The Association of BellTel Retirees has added its voice to the important effort to crack down on pension fiduciaries’ conflicts of interest. In a letter to the U.S. Department of Labor (DOL), the Association has thrown its support behind an effort to tighten rules on those who serve as fiduciaries, to ensure they are obligated to put the best interests of clients ahead of their own profits.
The White House Council of Economic Advisers determined that conflicts of interest among investment advisors directly lead to about 1 percentage point in annual losses for retirement savers, costing about $17 billion per year. The Council also calculates that an individual could lose an astonishing 25 percent of his or her savings over the course of 35 years.
“We believe that those entrusted with a fiduciary responsibility should owe the highest debt of trust and confidence to the principal they represent and no other,” BellTel President and Executive Director John Brennan and Board Chairman Jack C. Cohen wrote to the Department of Labor. “Fiduciaries cannot serve two masters, and given significant transgressions, especially against older savers, the only way retirees can have greater certainty is with a new and more stringent standard and set of rules proposed by the DOL for investment managers and advisors.”

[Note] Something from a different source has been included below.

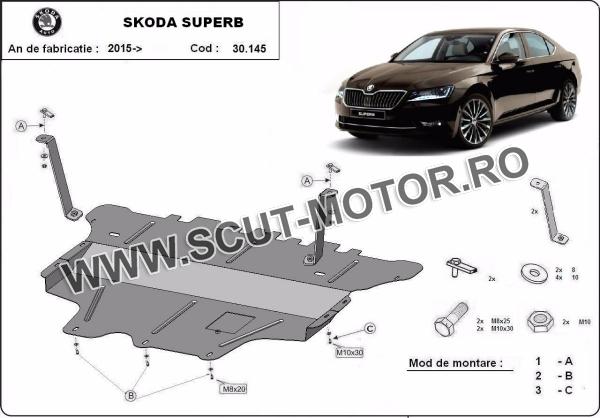 Scutul este noua si se potriveste perfect pentru toate tipurile de motorizare Skoda Superb fabricat între ani 2015 - 2024. Scutul protejeazã: motor, cutie de viteză, radiator, bara față.

Financial managers with control over retirement savings are often paid fees and commissions to steer clients’ money into certain funds or investment vehicles. Currently, they operate under an uncertain patchwork of regulations and disclosure requirements. In many instances, managers do not have to tell clients they are also being paid by the investment funds to which they steer the assets.

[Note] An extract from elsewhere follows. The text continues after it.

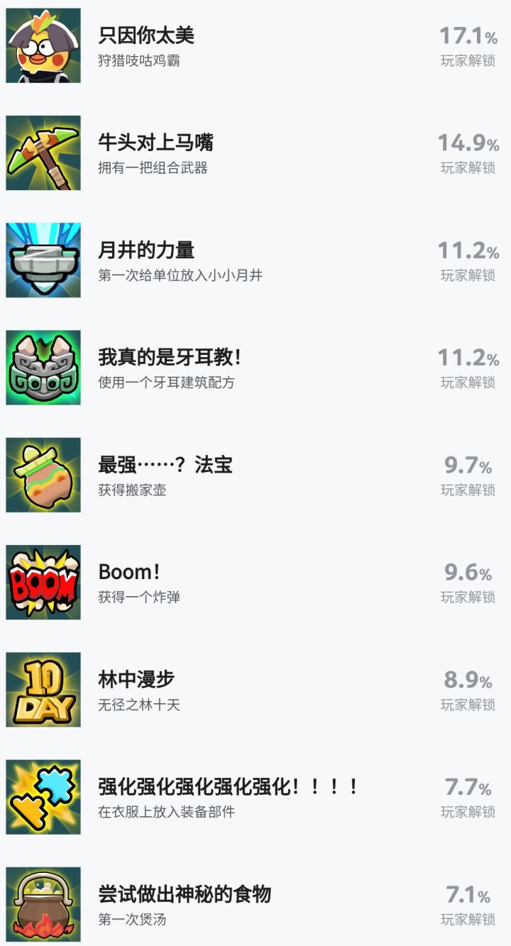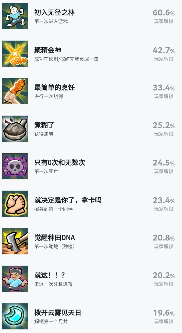 关于成就收集方法,图片上也有,比如[初入无径之林]就是第一次进入游戏,其它的都可以照着这个例子来收集成就。有一个比较难搞就是最后做出营养超过500的汤,想要做出这汤就必须有[陶锅]注意一下不是[陶煲],想要做出[陶锅]前提是要有[陶锅泥坯],而[陶锅泥坯]需要[制陶平台]才能制作,[制陶平台]需要先制作[青铜轴件]才能解锁图鉴,这些弄好后就是制作出[陶锅]了,然后往石头火堆架一个烧烤架子再举起陶锅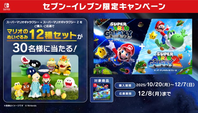 キャンペーン期間中に、セブン‐イレブン各店舗にて『スーパーマリオギャラクシー+スーパーマリオギャラクシー2』ダウンロードカードをご購入後、本特設サイトからご応募いただくと、『マリオのぬいぐるみ12種セット』 を抽選で30名様にプレゼント!

“(Financial advisers) can get paid a lot more money to sell one product over another and there’s just a ton of conflicts of interest and a lot of hidden fees,” Ron Rhoades, a professor of finance at Western Kentucky University, told Bloomberg News. “Having a conflict of interest is a breach of fiduciary duty. You have to cure that breach.”
The Association urged the DOL to adopt a set of proposals that would increase transparency and expand the number of investment managers bound by strict conflict of interest rules. Those subject to the tougher conflict of interest regulations are required to always prioritize the interests of clients over their own profits.

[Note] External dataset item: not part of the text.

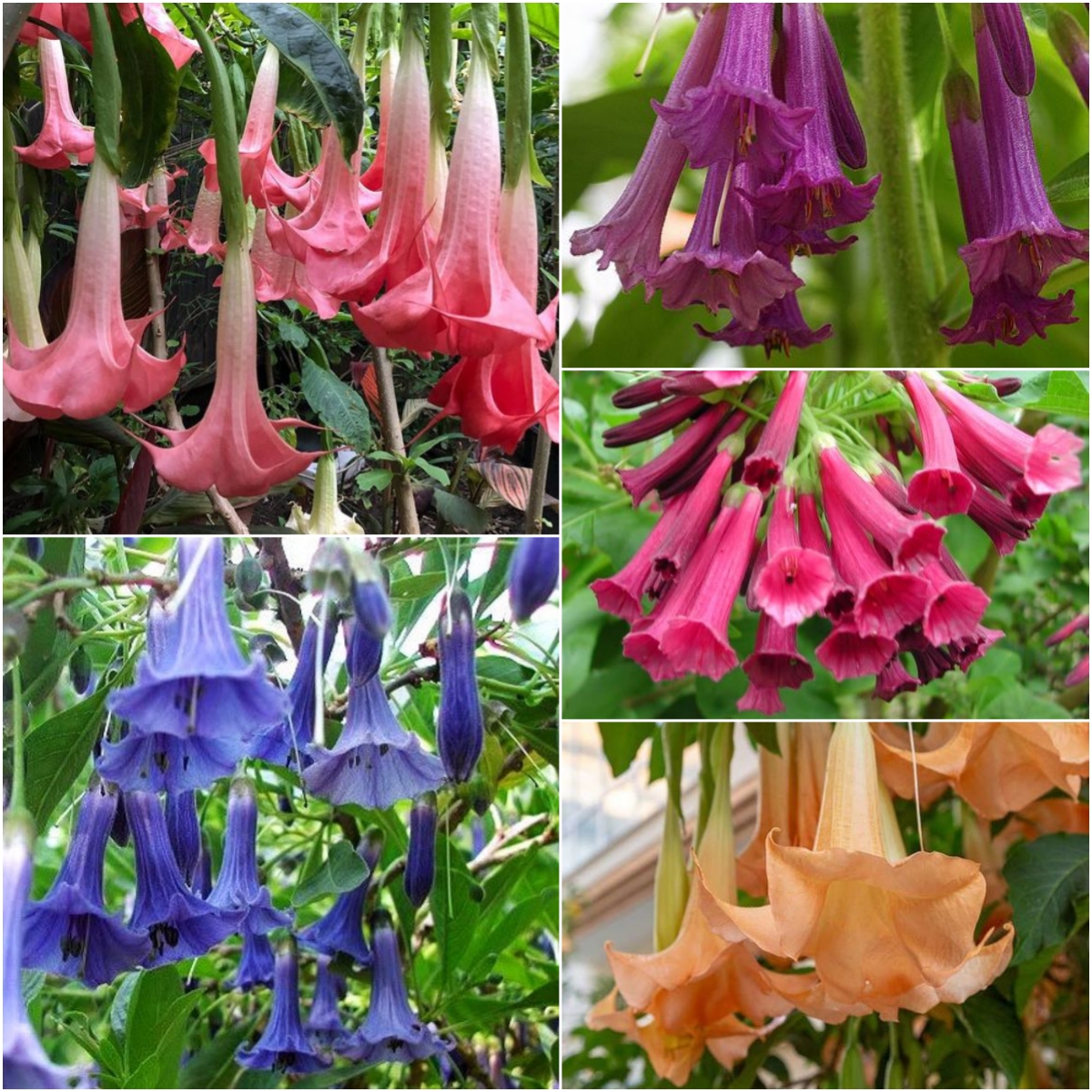 Large, trumpet-shaped flowers in enchanting shades of white, purple, and yellow.

Just as importantly, Mr. Brennan and Mr. Cohen tied the need to tighten rules on fiduciaries to the actions taken by Verizon when it transferred some $8.5 billion in assets from 41,000 retirees to a third-party insurance entity without consulting or informing the retirees themselves. This is precisely the type of occurrence that the Employee Retirement Income Security Act (ERISA) is meant to guard against.
“We are gravely concerned with fiduciaries that unilaterally and significantly alter the way that earned defined benefit pensions are managed and administered,” they wrote.
Was the action of Verizon as fiduciary proper in the case of 41,000 retirees, transferring $7.5 billion in retiree pension assets, plus another $1 billion for expanses to Prudential? How might that impact the remaining tens of thousands of retirees, including the many retired union members and others still under the Verizon pension umbrella? In what ways does that transfer negatively impact their future and the future of their families?
As the federal agency considers tougher rules on how fiduciaries make decisions about retirement assets, the 41,000 retiree pensions that were transferred are now subject to far-less stringent and consistent rules than they enjoyed under ERISA and the Pension Benefit Guaranty Corporation.
The Association is currently pursuing litigation against Verizon, Pundt v. Verizon, over this action and the U.S. Supreme Court is now considering hearing the case.
What all this reflects is that your Association is actively advocating on your behalf with not one, but all three branches of the federal government: The Executive, Judiciary and Legislative. These issues are all of pressing importance to all retirees and we will remain forefront of fighting to protect, preserve and defend your retirement benefits.